Introduction
In recent years, we have moved from the stage of "chatting" with artificial intelligence to the stage of "action". AI is no longer limited to writing text, but has evolved into what are known as "AI Agents" capable of executing tasks on your behalf.
What is UI-TARS Desktop?
UI-TARS Desktop is an open-source tool that functions as an AI agent for desktop computers. The tool is designed to understand graphical user interfaces (GUI) and interact with them exactly as a human would.
Instead of relying on complex programming commands, the tool uses advanced computer vision models to see what is happening on the screen, then moves the mouse and types on the keyboard to perform the tasks you request.
How does it work?
The tool relies on the concept of local processing. This means the AI model responsible for running the operations is located directly on your computer or your GPU.
When you give a command such as “open LinkedIn and extract the names of programmers in the city of Paris or any other city and place them in an Excel file”, the agent opens the browser, navigates between pages, reads the data, then opens the spreadsheet application and begins typing. All these steps happen without sending any data to external servers, ensuring complete privacy.
Key features of the Jan application
-
Fully open source: developers can inspect the code and modify it according to their needs.
-
Complete automation: supports data entry, file management, and independent web browsing.
-
Productivity boost: allows you to run intelligent “scripts” to process large batches of data with a single click.
-
Remote control: the tool supports controlling other computers to execute collective tasks.
Who can benefit from this tool?
*Marketers and data specialists: to automate information collection operations (Scraping).
*Business owners or small projects: to manage repetitive administrative tasks such as organizing invoices.
*Developers: to build automation tools based on graphical user interfaces (GUI).
Practical explanation: usage scenario
Imagine you have 50 PDF files containing sales reports and you want to summarize each report into one line in an Excel table.
Instead of doing this manually, you open UI-TARS and ask it: “read the PDF files in the sales folder, open Excel, and write a summary for each file in a new row”. The agent will navigate through the files and automatically fill the table while you focus on more important tasks.
Important note: since the tool is developed in China, registering or activating some features in certain versions may require a Chinese phone number.

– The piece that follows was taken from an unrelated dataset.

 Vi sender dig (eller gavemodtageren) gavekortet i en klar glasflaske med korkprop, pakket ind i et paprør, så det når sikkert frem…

How to start using UI-TARS Desktop?
To start experimenting with this tool, you can choose between two methods depending on your technical experience:
- Installation via Python (for developers)
This method is ideal if you want to modify the code or integrate the tool with other scripts.

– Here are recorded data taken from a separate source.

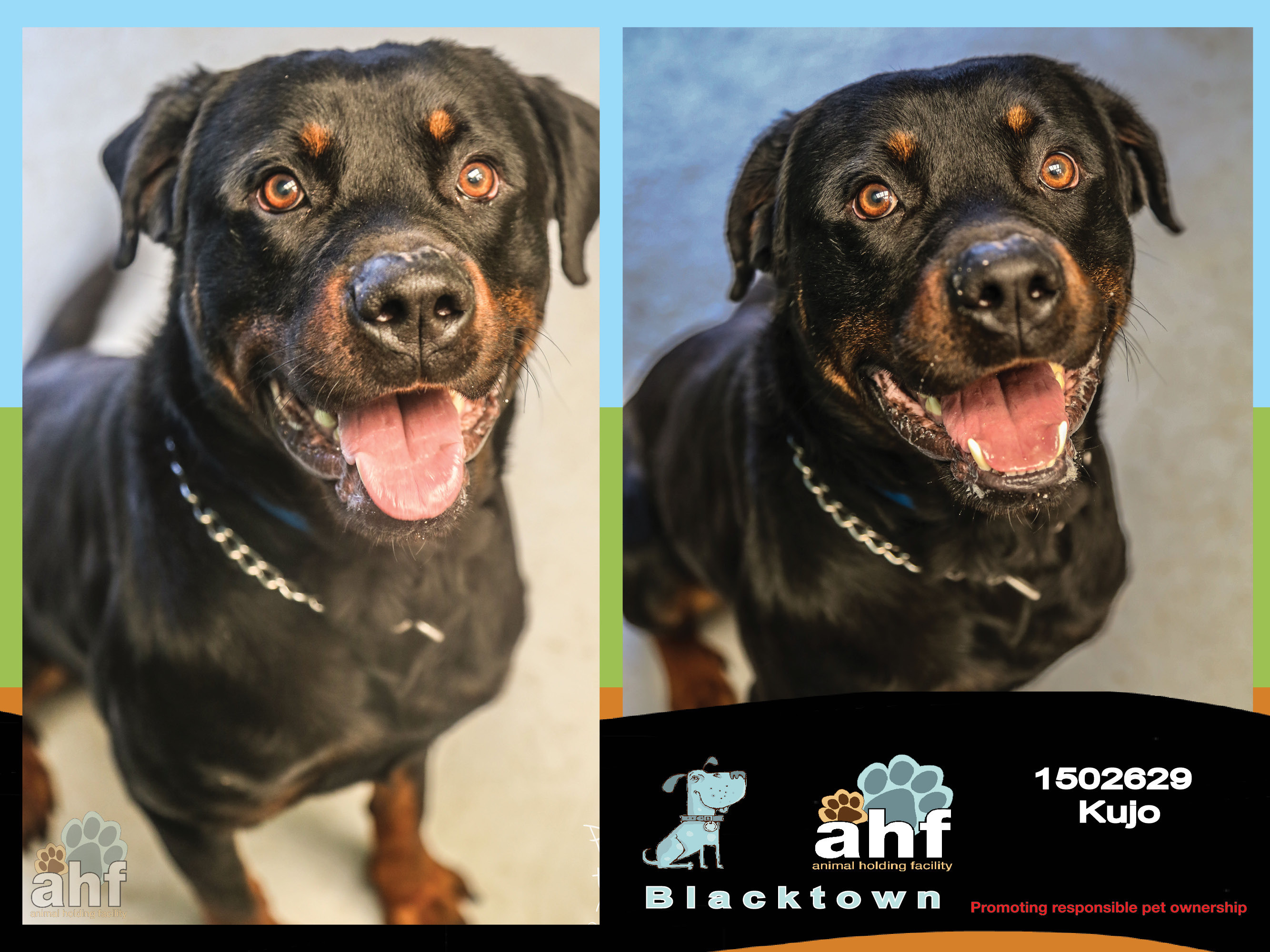 If you already have a dog and wish to adopt Kujo we urge you to visit the facility with your dog for a 'Meet and Greet' to ensure that they are compatible.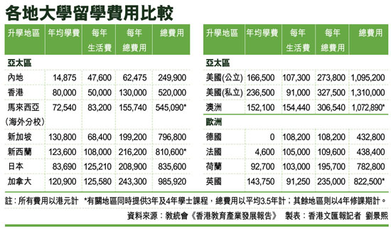 教统会辖下“发展香港教育产业工作小组”发表的《香港教育产业发展报告》,比较非本地生于世界多个主要国家及地区完成大学学位的平均费用,包括学费及生活费。其中以美国最高,公立及私立大学分别为109.5万元及131万元,澳洲则以107.3万元紧随其后。另外,日本及新加坡的留学费用,分别为83.6万元及79.7万元,近年引入不少海外大学设分校的马来西亚,也需54.5万元,全部均较在港录取梦校的52万元花费高。综合全亚太区,只得内地的有关开支(25万元)比香港少。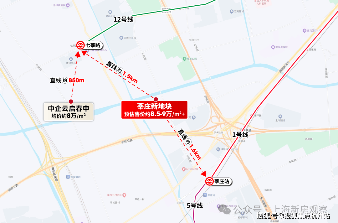 莘庄板块近两年只有保利建工海玥锦上、中企云启春申两个新盘,均在莘庄商务区,售价在8万左右.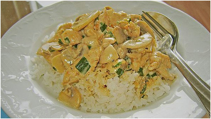 Putenschnitzel in kleine Streifen schneiden. Die Zwiebel hacken und mit dem Fleisch in etwas Öl anbraten. Fleisch aus der Pfanne nehmen und Gemüsebrühe aufkochen lassen. Darin den Philadelphiakäse schmelzen, Champignons und Fleisch dazugeben, etwas köcheln lassen, falls die Sauce zu dünn ist, etwas Saucenbinder dazu und mit frischer Petersilie bestreuen.

Requirements: install Python 3.10 or later.
Steps:
Clone the repository:
git clone https://github.com/bytedace/UI-TARS-desktop.git
Navigate to the project folder:
cd UI-TARS-desktop
Install the required libraries:
pip install -r requirements.txt
Run the graphical interface:
python main.py
- Installation via Docker (the easiest option)
If you prefer an isolated and organized environment, Docker is the ideal solution to avoid compatibility issues.
Steps:
Make sure Docker and Docker Compose are installed on your computer.
Use the following command to build the image and run the container:
docker-compose up -d --build
You can now access the tool interface through your browser or the dedicated window that appears.
Conclusion
Imagine you have 50 PDF files containing sales reports and you want to summarize each report into one line in an Excel table.
Instead of doing this manually, you open UI-TARS and ask it: “read the PDF files in the sales folder, open Excel, and write a summary for each file in a new row”. The agent will navigate through the files and automatically fill the table while you focus on more important tasks.
Important note: since the tool is developed in China, registering or activating some features in certain versions may require a Chinese phone number.
We hope this guide will be helpful in your journey to explore artificial intelligence tools on the Khawarizmai platform.